La préhistoire : corps interchangeables et têtes mobiles

Dès les sociétés préhistoriques, une étonnante plasticité des images se manifeste. Certaines Vénus néolithiques, comme celle du temple de Tarxien à Malte, ont un corps généreux mais celui-ci est dépourvu de tête, et percé de trous d’attache. Tout suggère que des têtes amovibles pouvaient s’y adapter selon les besoins du rituel, faisant varier l’identité de la statue à partir du modèle de base. À Çatalhöyük, en Anatolie, il y a près de dix mille ans, des figurines à tête détachable confirment cette logique de permutation, première tentative de customisation de l’histoire, plusieurs millénaires avant les filtres Instagram, et cela sans 5G.

Cette « Idole » de Malte provient du temple d’Agar Qim, vers 3000 avant l’ère commune. Tout indique que l’on pouvait y placer la tête de son choix. Une sorte de « face swap » avant l’heure. (Source : WikiMedia. Photo : Gerhard Huber – CC-BY-NC)

Changer le visage et garder le corps : le modèle demeure, l’identité fluctue. L’œuvre est une combinaison d’éléments. Une logique qui anticipe celle des systèmes algorithmiques : un prompt fixe génère des variations multiples. Les images produites par une IA matérialisent des résultats différents à partir d’un même cadre. Le « face swap », banal sur les réseaux sociaux, procède de la même idée : un invariant accueille une infinité de possibles. Loin d’être anecdotique, le détail archéologique révèle combien la logique du prompt plonge ses racines dans des pratiques immémoriales.
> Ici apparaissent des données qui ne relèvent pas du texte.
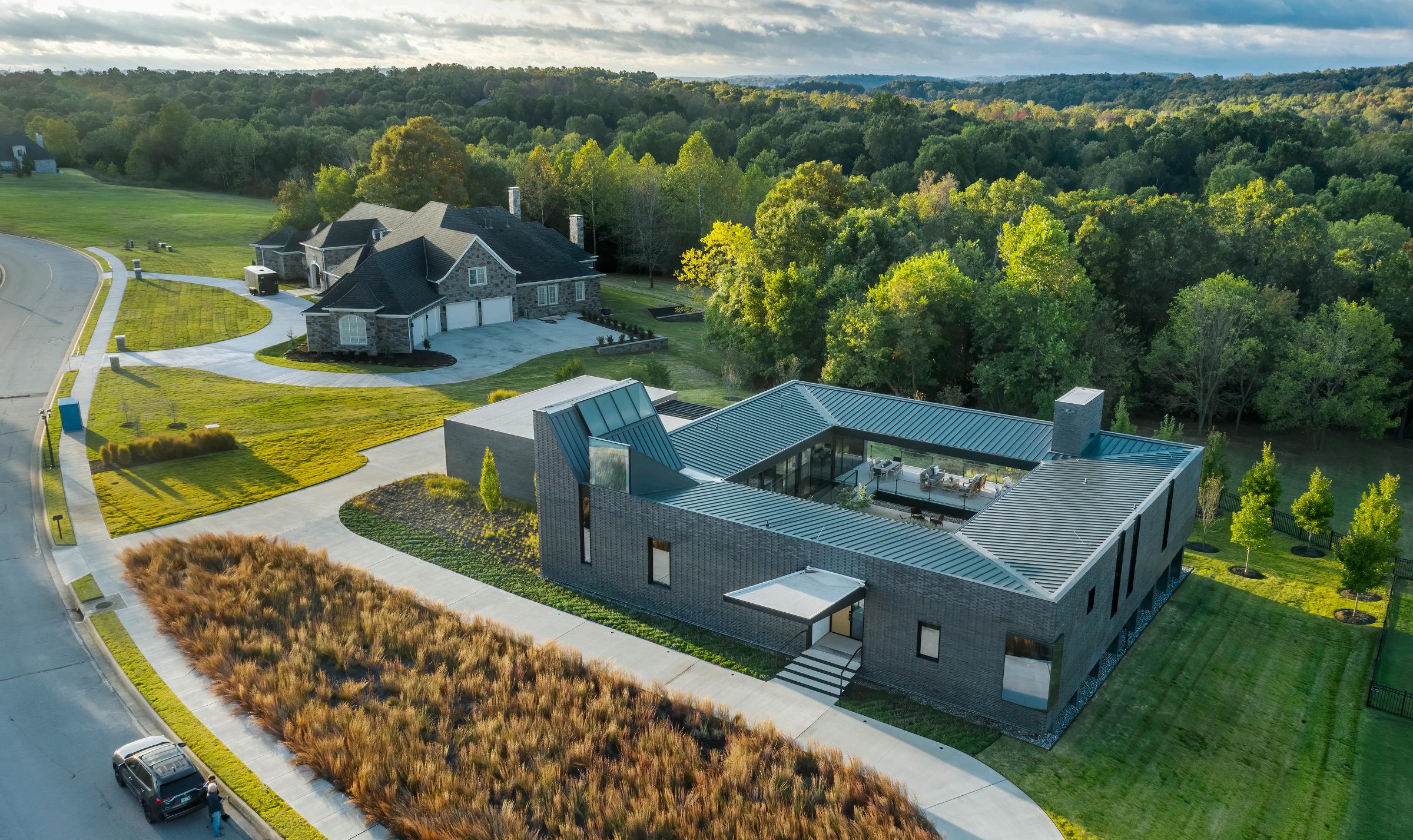 This residential landscape draws inspiration from the grassland ecology of Northwest Arkansas, a stark departure from the unsustainable lawns of the surrounding golf course community. Plantings of native grasses provide a dynamic setting that changes dramatically through the seasons, while also reducing water consumption and sinking carbon deep into the soil. Based on a Roman courtyard house, the building faces inward, privileging the central landscape that lies at the heart of the project. A series of terraced plantings lead from the courtyard down to a garden of switchgrass bounded by an existing woodland.

L’Antiquité : la matrice et le geste collectif

Dans l’Antiquité, les célèbres bronzes grecs, tels que le Discobole de Myron ou l’Apollon Sauroctone attribué à Praxitèle, n’ont survécu que grâce aux copies romaines. Ces statues étaient conçues comme des prototypes reproductibles. Chaque exemplaire pouvait varier légèrement selon la commande, dont la taille, mais la posture et la structure générales demeuraient, tout comme certains détails comme les drapés. La sculpture romaine obéit à la même logique : les copies en marbre des chefs-d’œuvre grecs étaient souvent produites en série dans des ateliers spécialisés, où les ouvriers se partageaient la taille du bloc, le lissage et la finition sous la supervision d’un maître.

La peinture suit le même schéma : à Pompéi ou à Rome, les fresques et mosaïques étaient réalisées à partir de cartons préparatoires. Les mosaïques romaines, avec leurs panneaux géométriques ou figuratifs, permettent de bien se figurer le modèle matriciel : un dessin initial, des mains multiples exécutant selon un code commun.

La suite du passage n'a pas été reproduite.